## GIVEN ENTRIES
☆ ☆ ☆

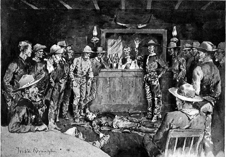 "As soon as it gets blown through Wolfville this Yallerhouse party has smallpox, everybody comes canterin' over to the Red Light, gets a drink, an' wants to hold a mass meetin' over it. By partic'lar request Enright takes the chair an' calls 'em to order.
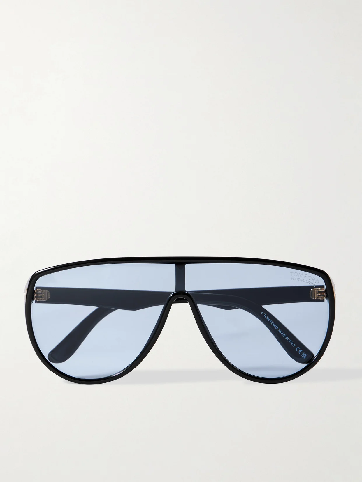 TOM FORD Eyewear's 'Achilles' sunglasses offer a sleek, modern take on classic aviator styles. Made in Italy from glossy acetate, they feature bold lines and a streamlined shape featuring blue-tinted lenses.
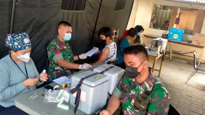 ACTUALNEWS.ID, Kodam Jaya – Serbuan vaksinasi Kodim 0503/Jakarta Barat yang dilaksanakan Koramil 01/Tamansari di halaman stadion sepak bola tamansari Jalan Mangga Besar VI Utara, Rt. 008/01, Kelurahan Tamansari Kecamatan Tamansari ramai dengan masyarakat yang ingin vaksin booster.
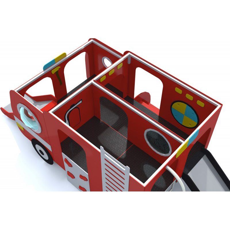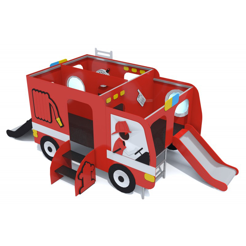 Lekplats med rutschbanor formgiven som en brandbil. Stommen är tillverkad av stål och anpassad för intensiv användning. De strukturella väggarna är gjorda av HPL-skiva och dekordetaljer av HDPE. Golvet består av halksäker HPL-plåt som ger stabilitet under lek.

☆ ☆ ☆

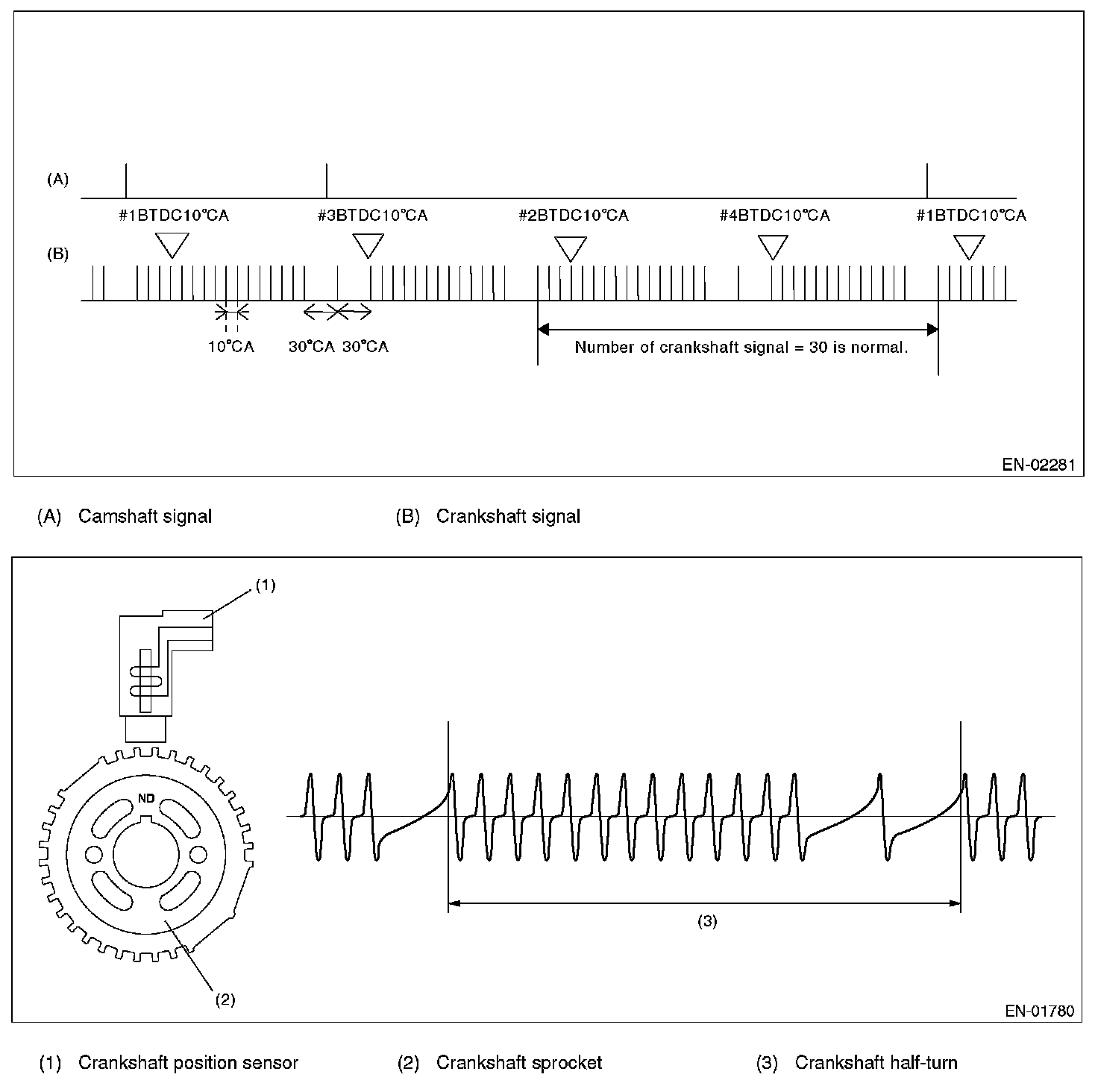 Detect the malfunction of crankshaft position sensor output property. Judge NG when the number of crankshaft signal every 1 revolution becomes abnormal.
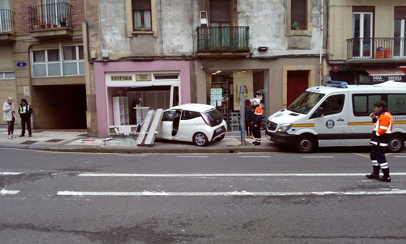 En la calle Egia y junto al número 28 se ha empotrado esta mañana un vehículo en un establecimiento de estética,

☆ ☆ ☆

## WORK TO COMPLETE
For this exercise, reproduce exactly the lines of the records above from the one with "TOM FORD Eyewear's" up to and including the one with "Lekplats med rutschbanor", without pictures.

## SOLUTION TO THIS EXERCISE
 TOM FORD Eyewear's 'Achilles' sunglasses offer a sleek, modern take on classic aviator styles. Made in Italy from glossy acetate, they feature bold lines and a streamlined shape featuring blue-tinted lenses.
 ACTUALNEWS.ID, Kodam Jaya – Serbuan vaksinasi Kodim 0503/Jakarta Barat yang dilaksanakan Koramil 01/Tamansari di halaman stadion sepak bola tamansari Jalan Mangga Besar VI Utara, Rt. 008/01, Kelurahan Tamansari Kecamatan Tamansari ramai dengan masyarakat yang ingin vaksin booster.
 Lekplats med rutschbanor formgiven som en brandbil. Stommen är tillverkad av stål och anpassad för intensiv användning. De strukturella väggarna är gjorda av HPL-skiva och dekordetaljer av HDPE. Golvet består av halksäker HPL-plåt som ger stabilitet under lek.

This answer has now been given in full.